This is one of those conceptual roadblocks many develop- they think that binary is somehow more complicated than it is, and create all sorts of obstacles to effective access. Here we will try to break down some of those walls, because this is really important stuff to know.

Your task is to write a C program that takes a file name as a command-line argument, opens that file, reads its contents, and displays that data to the screen in the manner that the xxd(1) tool does in the above example (note that while the xxd(1) tool has other features, we are not looking to implement them; only this simple rendering view).

Your program must:

Require the user supply a file via the command-line
- if the file specified does not exist/cannot be opened, display an error message and exit.
  - error message should be of the form: Error: Could not open 'filename' for reading!
    - Where filename is the name of the file specified on the command-line (make sure the quotes surround it in the output).
- no further processing should be done if the file is not able to be accessed.
Detect the current size of the terminal (see “Detecting Terminal Size” section below), and record the lines and columns into variables for use in your program.
- If the terminal your program is being run in is less than 80 columns, display an error message and exit.
  - error message should be of the form: Error: Terminal width is less than 80 columns!
  - Your program will only be displaying to an area up to 80 characters wide, so a wider terminal will not influence program output.
- Similarly, if the number of lines in the terminal is less than 20, display a similar error message and exit.
  - error message should be of the form: Error: Terminal height is less than 20 lines!
  - Unlike the width, the height can impact program output (taller terminals, if not otherwise throttled by a second command-line argument, can auto-expand if there is more room and data to display).
The second command-line argument is a sizing throttle (controlling the number of lines your program will display). If no argument, or a 0 is given, assume autosize (use the detected height to be your maximum in your calculations).
Each row will display:
- a 7-digit hex offset (referring to the first data byte on a given line)
- followed by a colon and a single space
- then eight space separated groups of two bytes
- however you arrive at it: two total spaces following the hex bytes (again, see output example)
- a 16-character ASCII representation field (no separating spaces between the values)
  - all printable characters should be displayed.
  - all non-printable (and various whitespace) characters should be substituted with a '.'
- A newline will be the last character on each line.
The hex values and rendered ASCII displayed will be sourced from the file specified on the command-line. While the target files for this project are less than 512 bytes, your program should be able to handle larger and smaller files, and update its display accordingly.
If a line throttle is given, your program is to stop output of data and ASCII rendering at that line, once it completes.
Once the data in the file has been exhausted, you need to wrap up as appropriate; finish the current line (even if you have to pad spaces), display the corresponding ascii field (padding spaces as appropriate), and display the closing footer.
Don't forget to fclose() any open file pointers! And free() any malloc()'ed or calloc()'ed memory.
If provided (via command-line arguments), highlight the offset field and the specified address + length (see below).
- If the last pair is not complete (ie only an address given), ignore that request.

Detecting Terminal Size

To detect the current size of your terminal, you may make use of the following code, provided in the form of a complete program for you to test, and then adapt into your code as appropriate.

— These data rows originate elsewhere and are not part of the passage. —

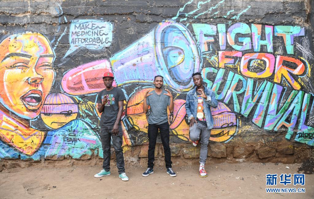 “生活很難,堅持住,別放棄,昂首向前。”這是“賽普勒斯”(Cyplez)樂隊的一句歌詞。樂隊由三名成員組成,成立至今已有八年。盡管在視頻分享平臺優兔上,樂隊的主頁訂閱量僅有215,但他們在肯尼亞首都內羅畢馬薩雷貧民窟擁有數以千計的粉絲。通過音樂,“賽普勒斯”正鼓舞著越來越多的貧民窟居民不言放棄、自強不息。 這是7月27日,“賽普勒斯”樂隊成員在肯尼亞首都內羅畢的馬薩雷貧民窟的一面涂鴉墻前擺出樂隊的代表性手勢。 新華社記者 李琰 攝
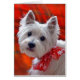 Este filhote de Westie está posando orgulhosamente, esportando uma alegre arco vermelha e branca de floco de neve para colocá-lo no espírito da temporada.
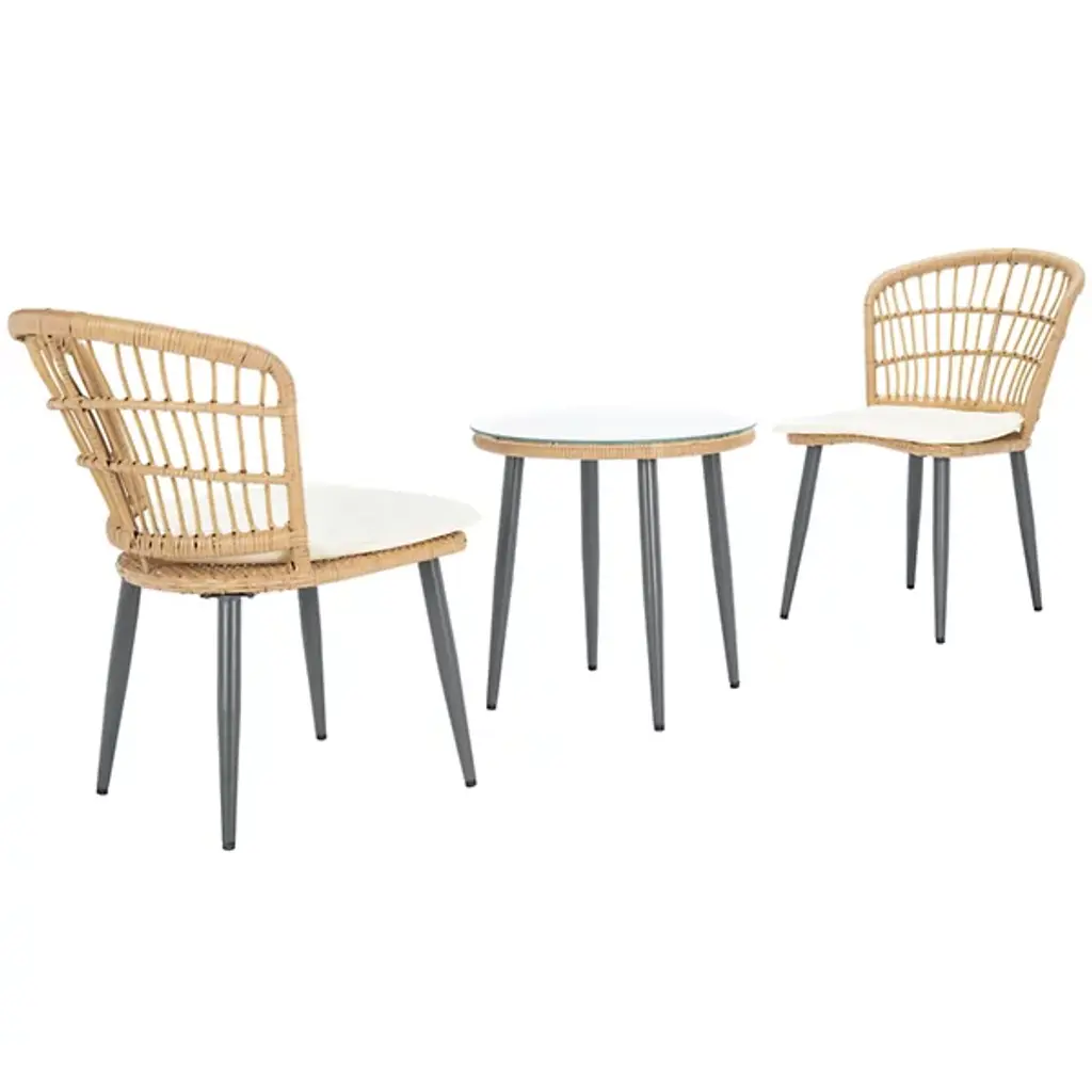 The Harney 3Pc Outdoor Side Chair Set from Alder & Ore features a double-woven PE rattan pattern that creates exceptional tensile strength for lasting support. Weather-resistant steel frames ensure stability while maintaining a light visual profile. The matching end table offers a perfect spot for refreshments or books. Foam-filled polyester cushions provide lasting comfort for extended relaxation. This set brings indoor comfort outside, ideal for both solitary moments and shared conversations, making every outdoor space feel like a private retreat.
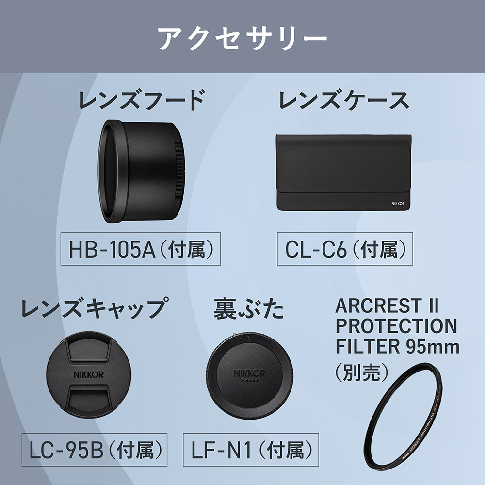 | 付属品 | レンズキャップ95mm LC-95B(スプリング式)、レンズキャップ(裏ぶた) LF-N1、レンズフード HB-105A、レンズケース CL-C6 |
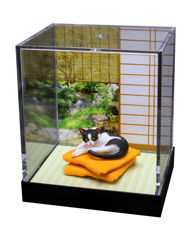 1/12スケールのドールハウスサイズのフィギュアを透明のケースに入れた【ネコのいる空間】を再現。
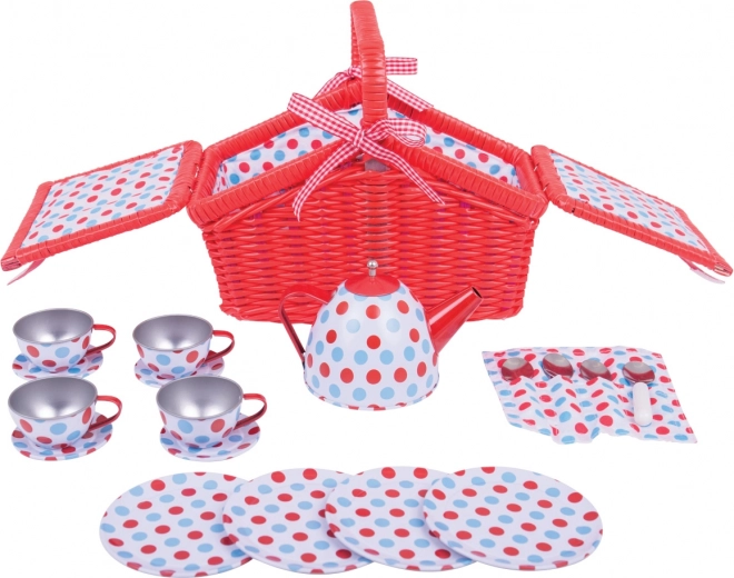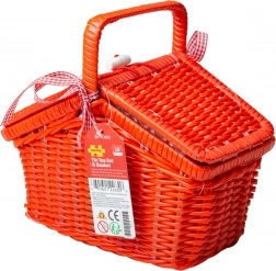Affascinante set da tè in un cestino di vimini rosso che offre il piacere del gioco. Include quattro tazze, piattini, una teiera con cucchiaini, ideale per i tè delle bambine a casa o in viaggio.
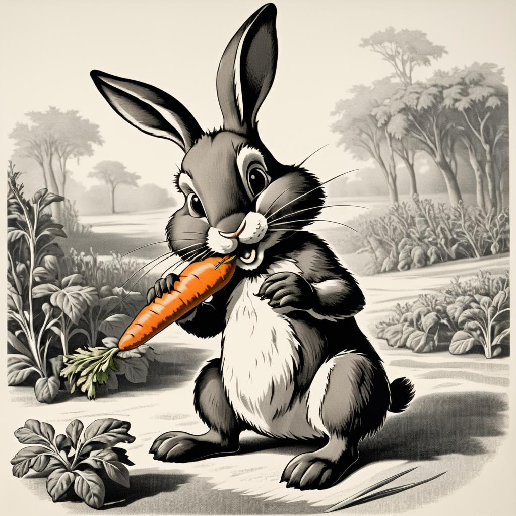 Vintage-style lithograph illustration of an anthropomorphic rabbit sitting and eating a bright orange carrot. The rabbit is depicted with expressive eyes, large ears, and detailed fur textures, set against a muted background of a garden with leafy plants and trees.
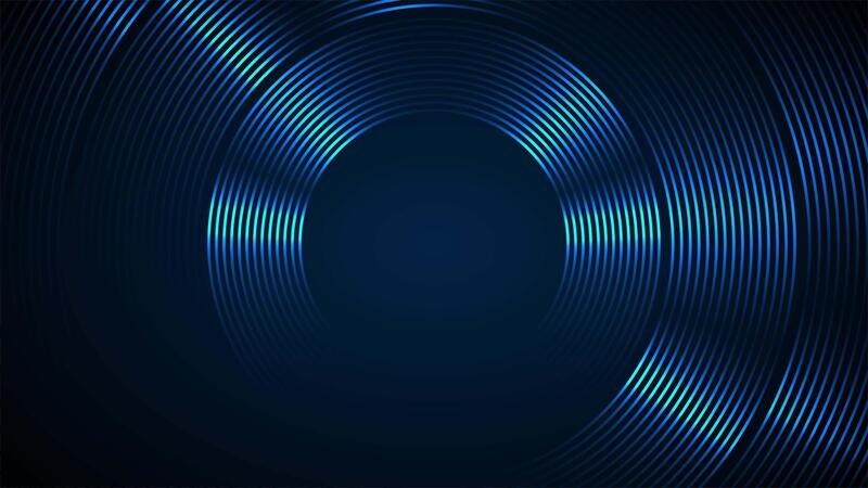 Abstract animated background with shiny blue circle lines spinning in dark space. Dynamic and smooth rotating ring stripes for ads, cover, backdrop, business, sales presentation, promotion, etc Pro Video

It makes use of a pre-existing structure, which when properly populated with an ioctl() call, you have the information you need to proceed (we're just using it to retrieve information to help us on our program).

#include <stdio.h>
#include <stdlib.h>
#include <sys/ioctl.h>
 
int main (void)
{
    struct winsize terminal;
    ioctl  (0, TIOCGWINSZ, &terminal);
 
    printf ("lines:   %d\n", terminal.ws_row);
    printf ("columns: %d\n", terminal.ws_col);
    return (0);
}

An ioctl(2) is a method (and system/library call) for manipulating underlying device parameters of special files (for the UNIX people: everything is a file, including your keyboard, and terminal screen). We are basically querying the screen (or accessing lower level information made possible by communicating with the driver of the device) to obtain some useful information. If you've ever wondered how drivers work- this ioctl() functionality can be rather central to the whole process (basically, reading or writing bytes at specific memory addresses).

Here we are accessing the information on our terminal file, retrieving the width and height so that we can make use of them productively in our programs.

Compile and run the above code to see how it works. Try it in different size terminals. Then incorporate the logic into your hex viewer for this project.

Selection highlighting

The following adds a nice visual twist to things:

Enhance the program to accept pairs of additional values (offset followed by its length), where each offset through length will be colored using ANSI text escape sequences (for simplicity, you may highlight using the same color).
For any line containing this colorized text, highlight the address in bold white.

Sample output

As an example, running the program with the following arguments could produce results like this:

ANSI escape sequences for color

This probably isn't very portable, and depending on the terminal, it may not work for some people.

It may be most convenient to set up preprocessor #define statements near the top of your code, as follows:

#define  ANSI_RESET             "\x1b[0m"
#define  ANSI_BOLD              "\x1b[1m"
#define  ANSI_FG_BLACK          "\x1b[30m"
#define  ANSI_FG_RED            "\x1b[31m"
#define  ANSI_FG_GREEN          "\x1b[32m"
#define  ANSI_FG_YELLOW         "\x1b[33m"
#define  ANSI_FG_BLUE           "\x1b[34m"
#define  ANSI_FG_MAGENTA        "\x1b[35m"
#define  ANSI_FG_CYAN           "\x1b[36m"
#define  ANSI_FG_WHITE          "\x1b[37m"
#define  ANSI_BG_BLACK          "\x1b[40m"
#define  ANSI_BG_RED            "\x1b[41m"
#define  ANSI_BG_GREEN          "\x1b[42m"
#define  ANSI_BG_YELLOW         "\x1b[43m"
#define  ANSI_BG_BLUE           "\x1b[44m"
#define  ANSI_BG_MAGENTA        "\x1b[45m"
#define  ANSI_BG_CYAN           "\x1b[46m"
#define  ANSI_BG_WHITE          "\x1b[47m"

To use, you output them:

fprintf(stdout, ANSI_FG_GREEN);
fprintf(stdout, "This text is green\n");
fprintf(stdout, ANSI_RESET);

You have to remember to turn the color or setting off (resetting it) to revert back to the original color.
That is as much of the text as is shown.